──────── Input records ────────
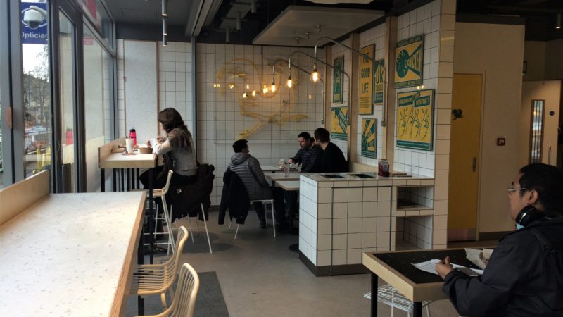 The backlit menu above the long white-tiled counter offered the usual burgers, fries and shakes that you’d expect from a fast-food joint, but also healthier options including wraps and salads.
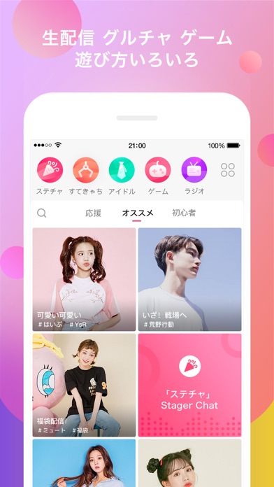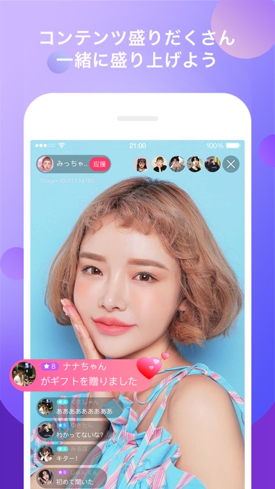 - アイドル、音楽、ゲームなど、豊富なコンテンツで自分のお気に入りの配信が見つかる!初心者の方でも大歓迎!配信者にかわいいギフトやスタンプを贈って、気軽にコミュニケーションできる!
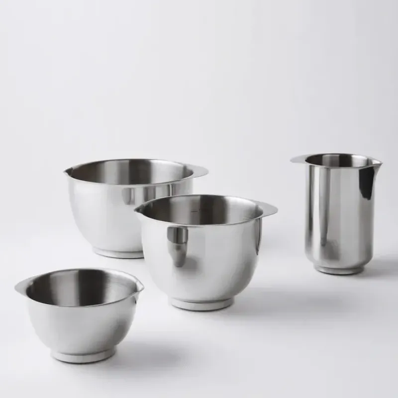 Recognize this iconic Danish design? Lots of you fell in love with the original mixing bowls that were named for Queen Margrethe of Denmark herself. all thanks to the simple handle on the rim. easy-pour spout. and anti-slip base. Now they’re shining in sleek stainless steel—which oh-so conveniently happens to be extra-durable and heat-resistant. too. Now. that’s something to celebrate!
────────
──────── Input records ────────
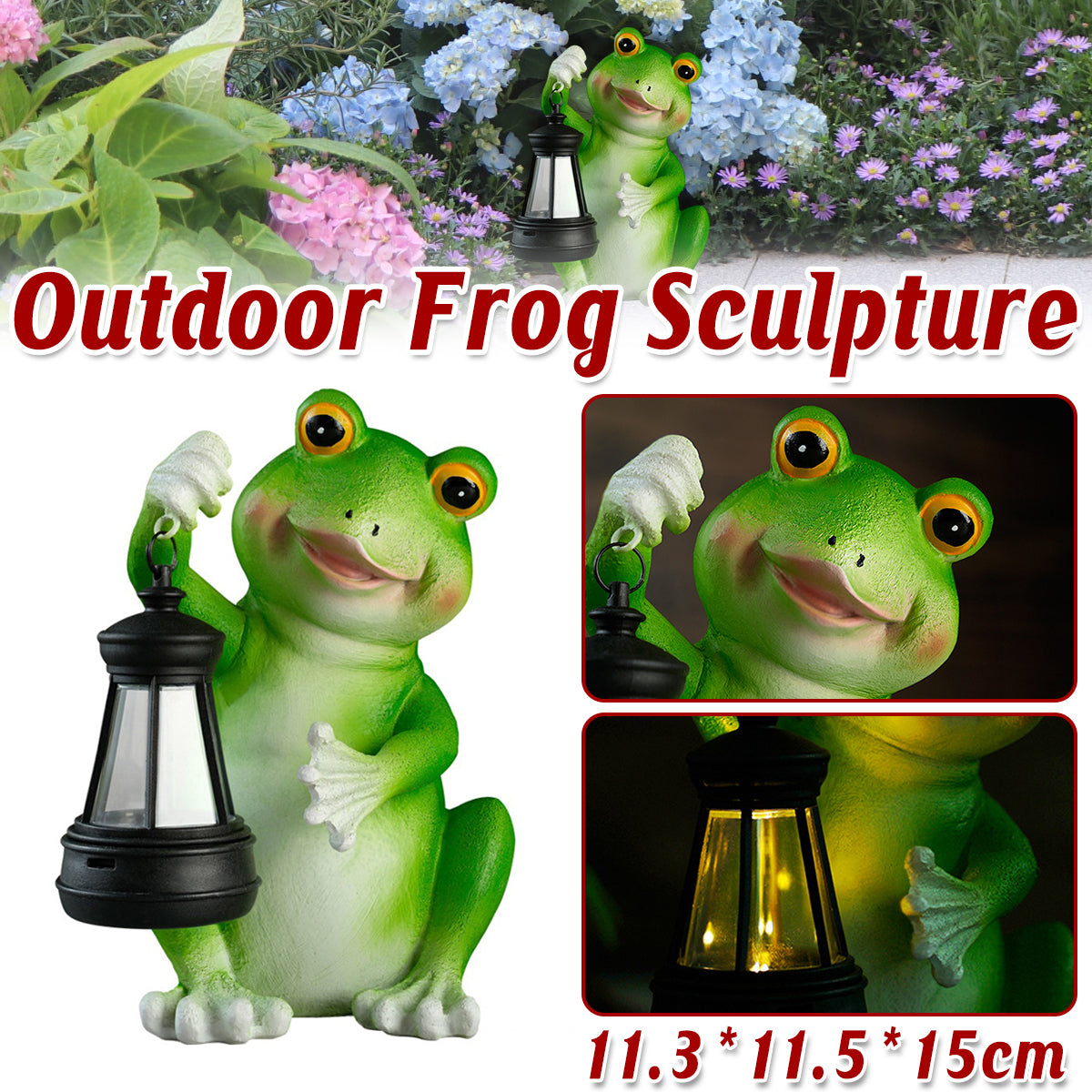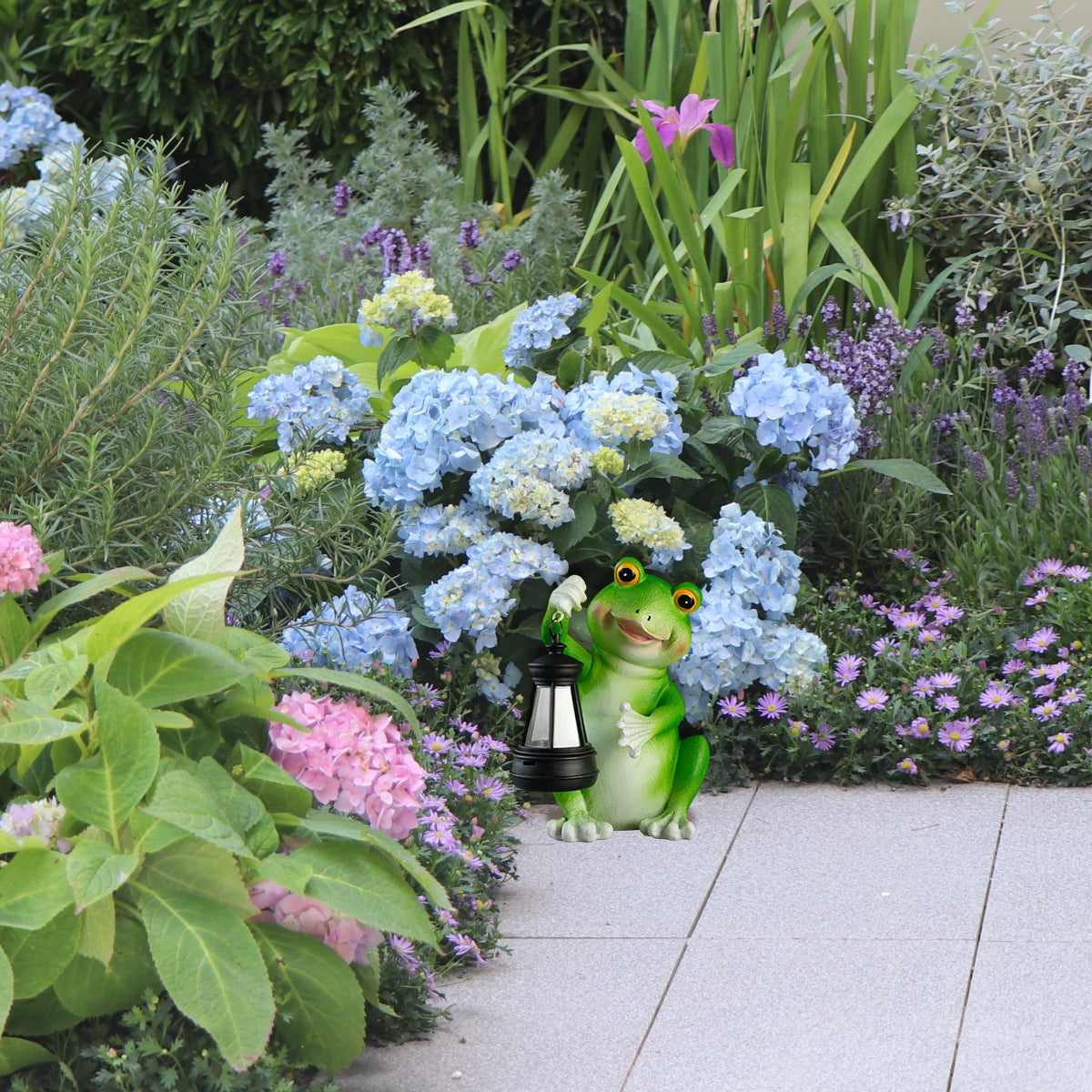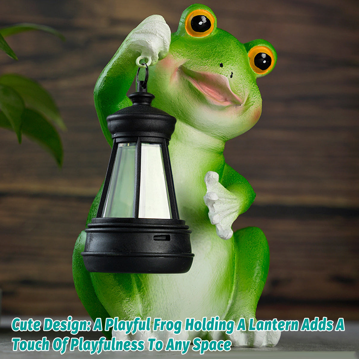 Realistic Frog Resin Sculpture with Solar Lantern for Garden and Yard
────────
*Activity*. Beginning at the line above that contains "The backlit menu" and going on through the line that contains "Recognize this iconic", please copy every line exactly, leaving the pictures out and adding nothing.

*Answer to this exercise*.
 The backlit menu above the long white-tiled counter offered the usual burgers, fries and shakes that you’d expect from a fast-food joint, but also healthier options including wraps and salads.
 - アイドル、音楽、ゲームなど、豊富なコンテンツで自分のお気に入りの配信が見つかる!初心者の方でも大歓迎!配信者にかわいいギフトやスタンプを贈って、気軽にコミュニケーションできる!
 Recognize this iconic Danish design? Lots of you fell in love with the original mixing bowls that were named for Queen Margrethe of Denmark herself. all thanks to the simple handle on the rim. easy-pour spout. and anti-slip base. Now they’re shining in sleek stainless steel—which oh-so conveniently happens to be extra-durable and heat-resistant. too. Now. that’s something to celebrate!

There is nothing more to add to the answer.